Both plans carefully regulate only one side of the conflict. In Ukraine’s case, it is the carefully crafted wording regarding military restraints. In Gaza’s - it was about disarming Hamas.
There are not many enforceable restraints on the more powerful side of the conflict.
Donald Trump’s perspective is much broader than focusing only on the two directly involved parties. He is convinced that lasting peace requires rebuilding the entire region’s security architecture - sometimes from scratch. That’s why he invited Gulf and other Arab states as guarantors of the Gaza peace plan. In Ukraine’s case, the original plan rearranged NATO’s position in the region - implying that the alliance could no longer be regarded as purely anti-Russian.
The vision for the Middle East, brokered by Witkoff and Kushner, resembled the one for Eastern Europe: defining new spheres of influence. It corresponds well with the „America First” approach - as American interests are the most important factor determining whether the U.S. wants to maintain an active role in the region.
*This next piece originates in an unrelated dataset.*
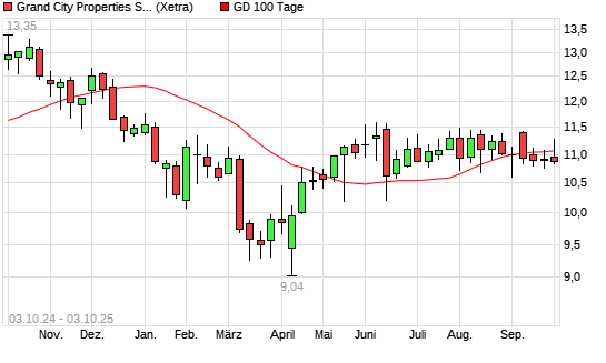 Mit dem Rücksetzer auf 10,88 EUR hat die Grand City Properties-Aktie am 02.10.2025 die 100-Tage-Linie nach unten gekreuzt.

The key criterion will be a cold-blooded calculation - whether it is simply in the United States« interest. When it comes to involvement in the Middle East, especially given its crucial relationship with Saudi Arabia, Washington’s answer is clear: this region lies at the heart of American strategic focus. In Ukraine’s case, however, the U.S. may be prepared to yield ground - whether to Russia or, at least in part, to the Europeans.
For Steve Witkoff, a businessman and developer, making deals is a piece of cake. A draft agreement that once worked can be reused many times. But international relations operate under different dynamics - there are not many things that can be easily assessed. Sometimes the crucial decisions are dictated by sentiment rather than calculations.
That’s why a one-size-fits-all template won’t work. Peace, war, borders for which people die every day - these are not spreadsheet categories where one can simply replace numbers to get the correct result.
Ukraine isn’t Gaza. Russia isn’t Israel. It is not determined whether the outcome will be similar or not at all. But serving the same solution to strikingly different problems could be regarded as ignorance. And in an interconnected world, one can pay dearly for ignorance. All things considered, it won’t be the United States that ends up paying for it.